To help with this I've written a very nice (though I say it myself) tree based data structure and built a new sort of loop into the programming language that can search through several thousand places and find only those within a certain range of a place in almost no time at all. In the next release or so I'll have added this, and migrated all the existing pub, museum, shop etc data, so you won't see much difference, but it will all be working better.

It will then be that - as with photos - the data structure on the server is the true data, allowing people to modify and add places of interest with the changes taking place as soon as approved.

But, of course, it's never as simple as this. What, for example, is a boatyard? Is it a place on the canals, or is it a POI? If the former, then, unless each is added as its own place, we still have places with POI-type information associated with them. If the latter, then how will I ever implement "find nearest boatyard with gas for sale" for example?

I have a way to make the second of these work, but for the moment I'm suspending judgement on which way I will actually jump.

All of this is part - as I mentioned in the article about distances - of a gradual redesign of some of the underlying data structures. This is always a risky thing to do with something as large and evolved as CanalplanAC, but sometimes it just has to be done.

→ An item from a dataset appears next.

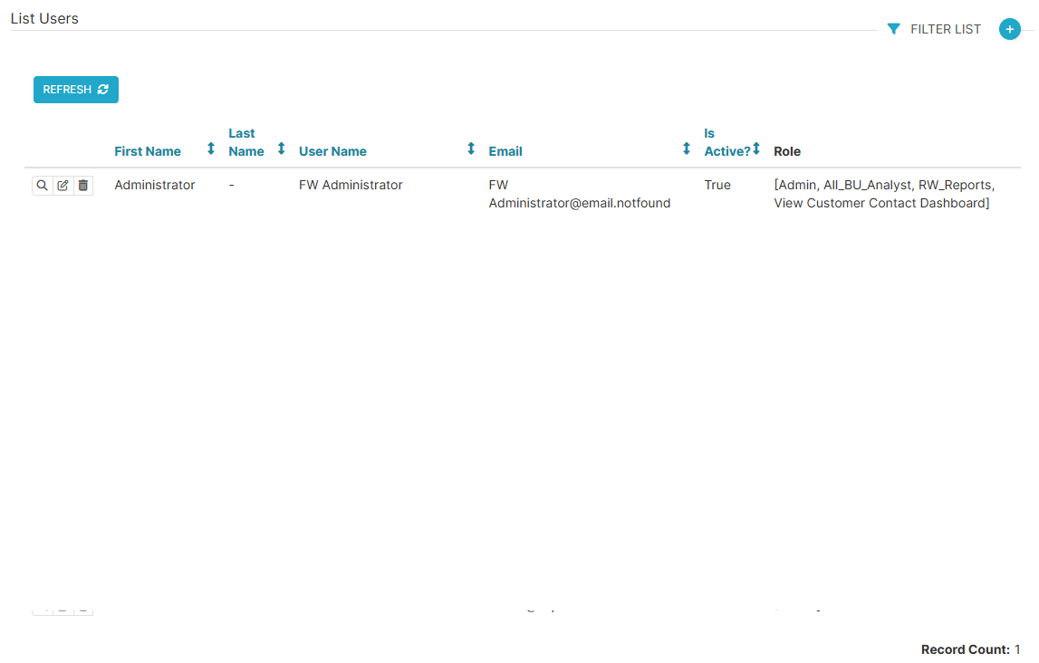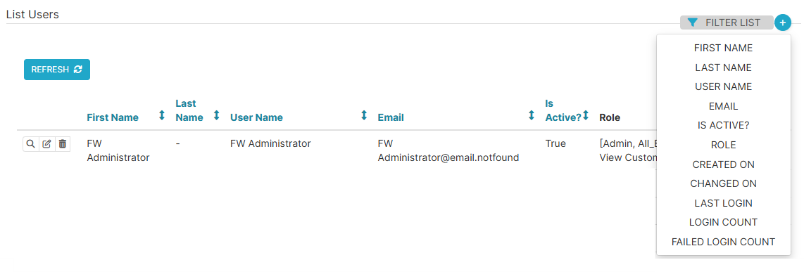 | Filter List | Opens a filter panel to narrow down the list of users based on specific criteria. |

Canalplan is getting a bit long in the teeth and software rot is starting to set in in a few places. After all, I see from my change log that the gazetter, and the move to OS coordinates from purely arbitrary ones (what was I ever thinking of) came in in November 2000. In Internet terms, that's ancient. In that time the number of places in the database has gone up by an order of magnitude - and what worked fine then is really starting to creak. And there are new things out there. Satellite navigation systems having taken off means that geographical data is suddenly of use to lots of people, not just to a few wierdo programmers - and so it becomes available and affordable. I have to be able to move with this.

Sunday, October 01, 2006

Distances - not always as straightforward as you'd think

So I started putting distance table information in, and hit a snag along the Ashton when it started objecting to discrepencies between the distance table and the calculated distances.

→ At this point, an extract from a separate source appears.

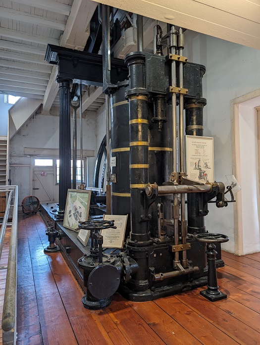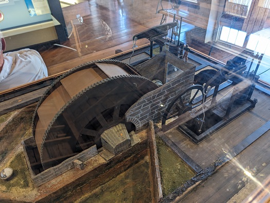 The two engines and water wheel combined take up three rooms. This small model shows the two steam engines that power the water wheel. The photo above is the left pump.

Using a convenient Google Maps pedometer I crossed checked the distances.

For the fist 5 or 6 places it was really good:


PlaceDistance tablePedometer
Ducie Street, Manchester0.00.0
Lock No 1 Ancoats Junction.40.391
Lock No 3 Ancoats.50.495
Lock No 4 Bewicks Locks1.31.294
Lock No 8 Clayton Bottom Lock2.02.036
Clayton Junction2.42.485
Clayton Lock No 132.82.727

The last couple of these are showing slightly bigger errors, but it's still all well within what is needed for canal journeys. In fact, for Clayton Junction the data table merges it with Clayton Top Lock, which is a bit earlier, so the extra on the pedometer is explicable.
But now it starts to go wrong:
Clayton Top Lock No 163.53.033
We're out by nearly half a mile. Looking at any map it's clear that Clayton lock 13 is nowhere near that far from Clayton Junction. By the time we get to the end of this stretch, we're back on track
Fairfield Junction3.83.735


So the moral seems to be not to trust the distance tables explicitly. It also shows that the pedometer approach may well work for getting pretty exact distances for all places. Now I'm not doing that for all 7000 places, but it could get build into the lengthsman feature at some stage.

In passing, the overall discrepency between the pedometer and the distance table is 128 yards. At 3mph this is less than 1½ minutes! I can live with that.